Saturday, April 18, 2009

Cathy Young on same-sex marriage

Cathy Young writes an article in Reason Magazine on the issue.
On one side in this war is the American tradition of equality. Once proponents of same-sex marriage were able to frame the issue as one of equal rights, they became a virtually irresistible force. The appeal to equality has a deep resonance in a country whose founding document opens with the assertion that "all men are created equal." The knowledge that this basic principle was violated for a very long time with regard to blacks, women, and other disenfranchised groups makes most Americans all the more sensitive to demands for equal treatment.

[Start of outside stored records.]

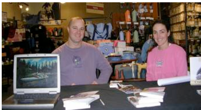
Photos from REI Book signing tour in December

Access Anything was also been accepted to the Midwest Book Review in November and will appear on their website through 2007.
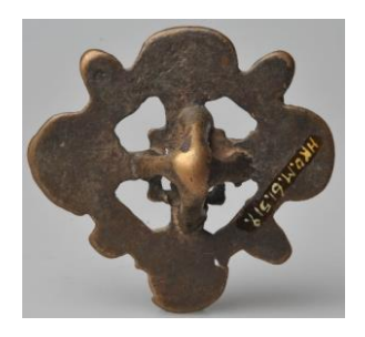
Fig. 12 Cross shape piece with loop on the back which sticking out of the hollowed area, Ordos Region, China. Collection of the University Museum and Art Gallery, Hong Kong.

Mostaert's witness, which will be mentioned later in this article. But this hypothesis still cannot give a satisfactory answer to the redundancy of the worked-out design, since the deeply-curved one has already facilitated the printing on hard mediums such as mud. And not only so, the distinctive reprocessing traces, especially with those worked-out pieces, on the surface of the backboard where the loop/loops were attached, and in some cases, the lack of harmony caused by the sullied worked-out design where the attached loop/loops stick out of the purposed hole (fig. 12), drives us to query the originality of the loop/loops, or of the worked-out design. Therefore, before more evidence is interrogated, we should not jump so readily from the hypothesis of the medium to an overall interpretation.
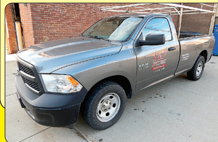
2013 Dodge Ram Pick Up Truck

Sterling/Terex Crane Truck • Ford Semi Tractor • Dump Trailers • Drop Deck Trailer • Fork Lifts • Pick Up Trucks Miscellaneous Trailers • Mustang Skid Steer • Tar Kettles • Tear Off Machines • Roofing Items Roofing Materials, Adhesives, Supplies, Etc. • Roll Former Model VS-150 Roof Panel Former Cellufoam Machine • Welders • Generators • Niagara 10' X 14 Gauge Power Squaring Shear Turn-N-Bend 10' Power Brake • Tennsmith Brakes • Miscellaneous Sheet Metal Machinery Sheet Metal and Stainless Stock, Large Quantity • Huge Quantity Power Tools and Support Items Real Estate Offered at Approx. 1 PM, Subject to Confirmation of Secured Lender
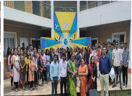
Screening of Documentary on Goa's Freedom Struggle titled 'Goem Swatantryachem Homkhon' organised - Dept. of Konkani
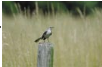
Pennypack Ecological Restoration Trust
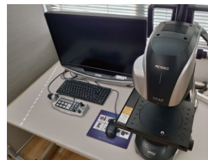
Microscope Analyzing adhesives thoroughly for further development.
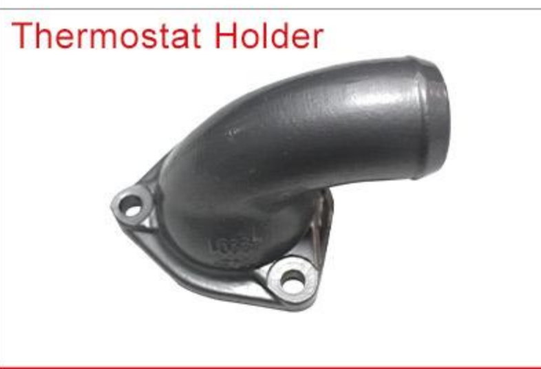
Cooling System Highly efficient heat dissipation, engine protection, long service life
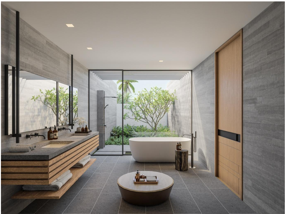
Photo: New Villas Enclosed Bathrooms

The Boduge Residence would be ideal for larger families or groups travelling together, as it connects seamlessly to a neighboring villa, creating a three-bedroom sanctuary of refined island living.
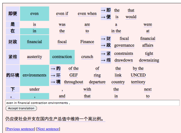
Figure 2. The interface for displaying translation options, with two null selections (rows 2 and 7) and one alternative selection (row 5). This set of selections corresponds to a total of three clicks, the minimum number required to produce this set of selections.
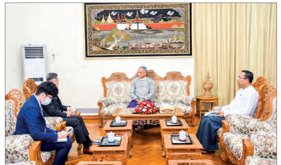
Union Minister U Aung Naing Oo receives the Thai ambassador-led delegation in Nay Pyi Taw yesterday.

UNION Minister for Commerce U Aung Naing Oo received Thai Ambassador Mr Mongkol Visitstump and the delegation at the ministry yesterday.
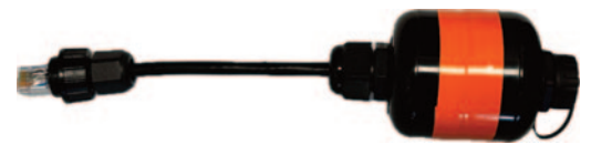
Inline Adapter for MOXA AP DT5905SA
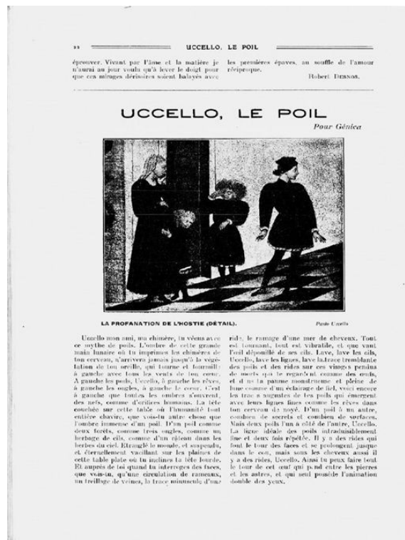
1 Antonin Artaud, "Uccello, le Poil", in: La Révolution surréaliste 8 (1926), 22, with a reproduction of a detail from Paolo Uccello's predella cycle on The Miracle of the Desecrated Host (as Fig. 2) (reprod. from: André Breton et al., La Révolution surréaliste: 1924–1929 [complete facsimile edition of original twelve issues], Paris 1975, 22)
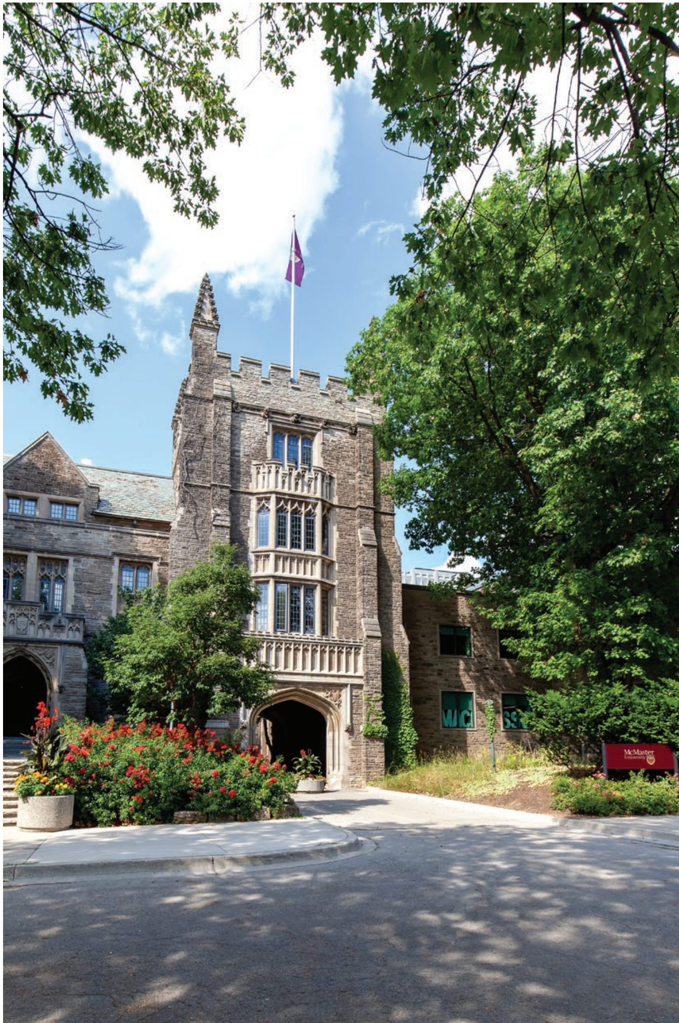
McMaster University 1280 Main St. W.

A leader in health and technology education, Mohawk is also one of the largest trainers of apprentices in Ontario, and it's among the top 10 colleges in Canada for applied research. The institution offers more than 150 programs, including award-winning collaborative degree programs with McMaster University. Mohawk is home to more than 33,000 full-time, part-time, apprenticeship and international students.
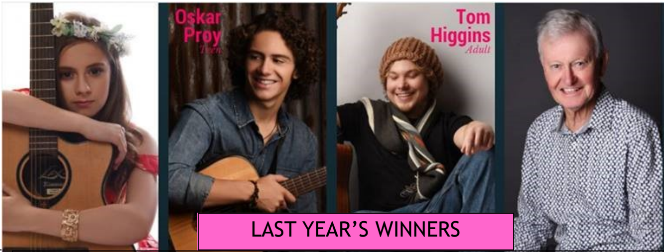
LAST YEAR'S WINNERS

Winners in each category gets a package inc a song written, a CD recording, a professional photo shoot, a film clip and opportunities to perform at local community venues including Festival of Lights
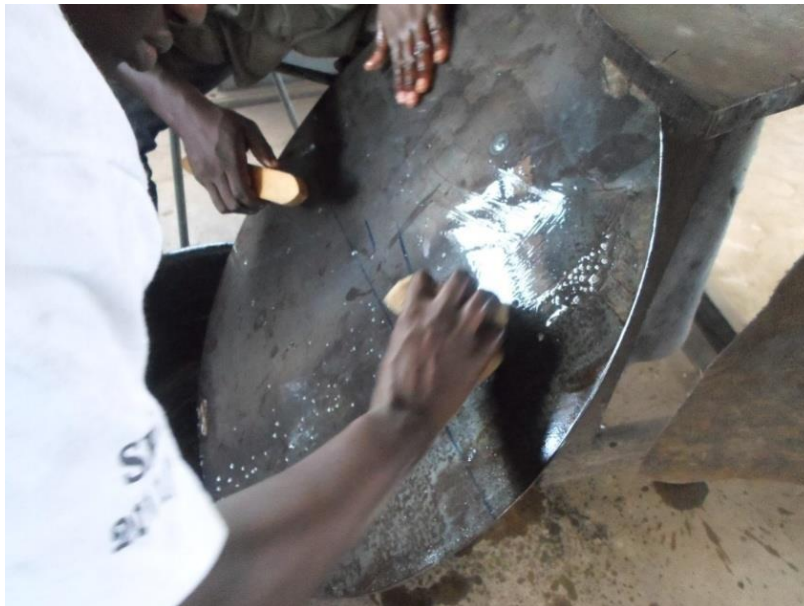
Fig 22:- Washing of the surface to remove oil residue from the anti-rust treatment.

The components were washed with a foam and detergent to clear of all oil residue deposited on the surface of the metal as shown in figure 22. The result of this is shown in figure 23.
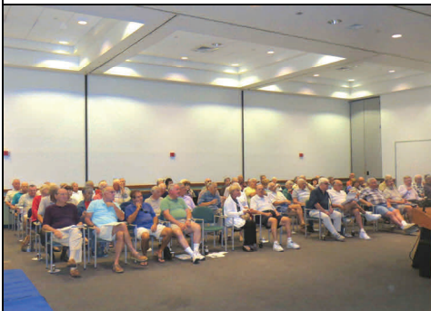
Benefits Meeting Attendees
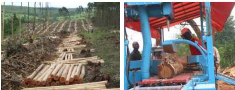
Figure 16. Rational production of wood through plantations has an enormous potential in much of Africa, from small-scale farm woodlots to large scale commercial plantations. There is a need for improved sustainable management techniques as well as for improved plant material to fully exploit the potentials of plantations.

Management of forests and trees, i.e. raising seedlings, planting them in forests, plantations or on farms, silviculture (e.g. thinning, pruning, removing undesirable competing plants, etc.), logging and harvesting (whether of wood or NWFPs), transport to industry and other users, is important in order to get products of the right quality and quantity at the right time. In agroforestry and other integrated land use systems, management also involves how to combine the trees in space and time with other components of the systems. There is, and has been for a long time, quite a lot of relevant R&D work going on in Africa on many of these aspects, particularly related to commercial and larger scale forest operations in plantations and in natural or semi-natural forests, and more recently on managing trees in agroforestry systems. A special management need today, particularly in some countries in Eastern and Southern Africa, is the rehabilitation of tens of thousands of hectares of neglected and mismanaged, but potentially very valuable, public forest plantations ( Chamshama 2011 ).
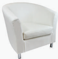
Swedish Tub Leather Chair White Stock Code: 610WE h 750 | w 800 | sh 380 | d 800
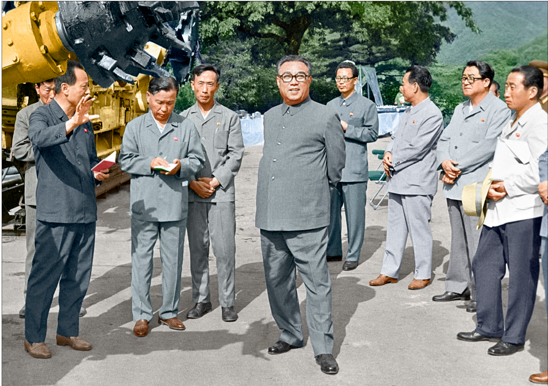
President Kim Il Sung sees a coal cutter produced at the May 10 Factory in July 1980.
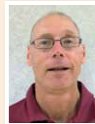
John Heard International Certified Crop Adviser of the Year Award
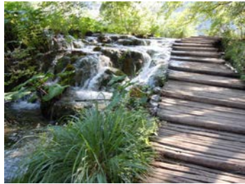
Plitvice Lakes National Park

Croatia is located on the Mediterranean, on the east side of Adriatic Sea east of Italy. We will be on a Sun Sail flotilla based out of Dubrovnik and sailing the Croatian Riviera, also known as the Dalmatian Coast.
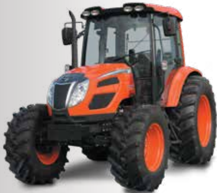
PX9520 95HP ROPS $64,995 EX GST $71,495 INC GST
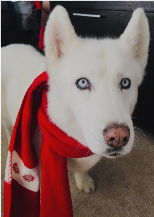
Dory – physical therapy
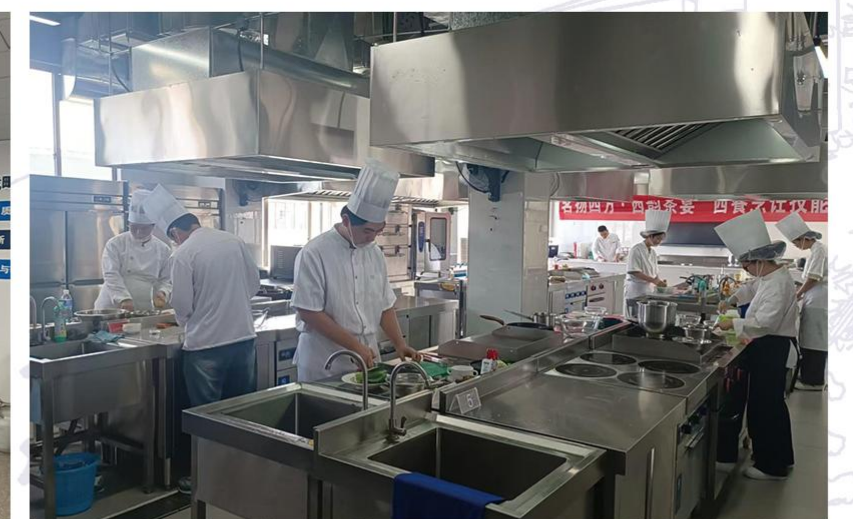
Western Cuisine Cooking Training Room
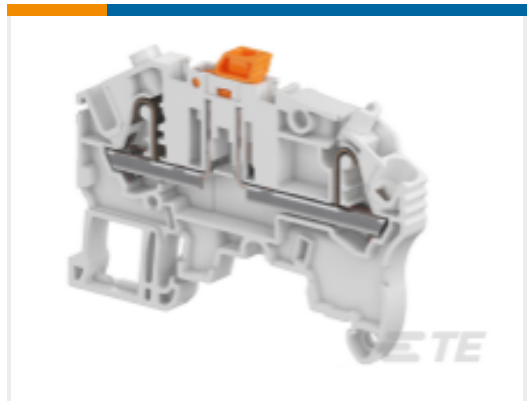
TE Model / Part # 1SNK705330R0000 ZK2.5-S-OR

To this, one can add another strong American tradition: separation of church and state. Objections to same-sex marriage are couched mostly in terms of religious faith, and the imposition of private religious beliefs on individuals who may not share them strikes most of us today as fundamentally un-American. Also on the side of same-sex marriage supporters is the conviction that how we govern our intimate relationships is a fundamental matter of privacy and freedom.
And indeed, this summarizes the two dimensions of morality recognized by people on the left: fairness and harmlessness. 
On the other side is the equally powerful American tradition that gives faith a central role in civic life. Even aside from the traditional Judeo-Christian condemnation of same-sex sexual relations as sinful, the belief that marriage is a fulfillment of God's purpose of bringing men and women together for the task of creating future generations is central to most religious belief.
...marriage, especially for traditionalists, amounts to giving a union the approval of the community—including, implicitly, their own. Indeed, many gay advocates concur: to them, the goal of marriage, rather than civil unions or domestic partnerships with most of the same legal rights, is full cultural acceptance. And, while no one suggests that churches opposed to same-sex marriages could be required to perform them, other thorny conflicts between religious liberty and gay equality have already arisen (for instance, should a Catholic adoption agency that has a contract with the state be forced to place children with gay and lesbian couples?).
...traditionalist objections to same-sex marriage include not only religious scruples but concerns about the consequences of sexual liberation that are shared by many people on secular grounds—concerns about a cultural environment in which 40 percent of children are born out of wedlock and half of all marriages end in divorce. Is it bigoted to believe that it is ideal for children is to have a mother and a father, or to worry that same-sex marriage will further uncouple marriage from childbearing and thus make it far harder to answer the question, "Why wait for marriage before having children?" Traditional views that stigmatize divorce and single parenthood and emphasize complementary male/female roles in the family have been losing ground for some time (for better and worse); but, until now, they have not been equated with bigotry and thus implicitly declared beyond the pale.
Tradition is one of the three moral axes not considered by the left.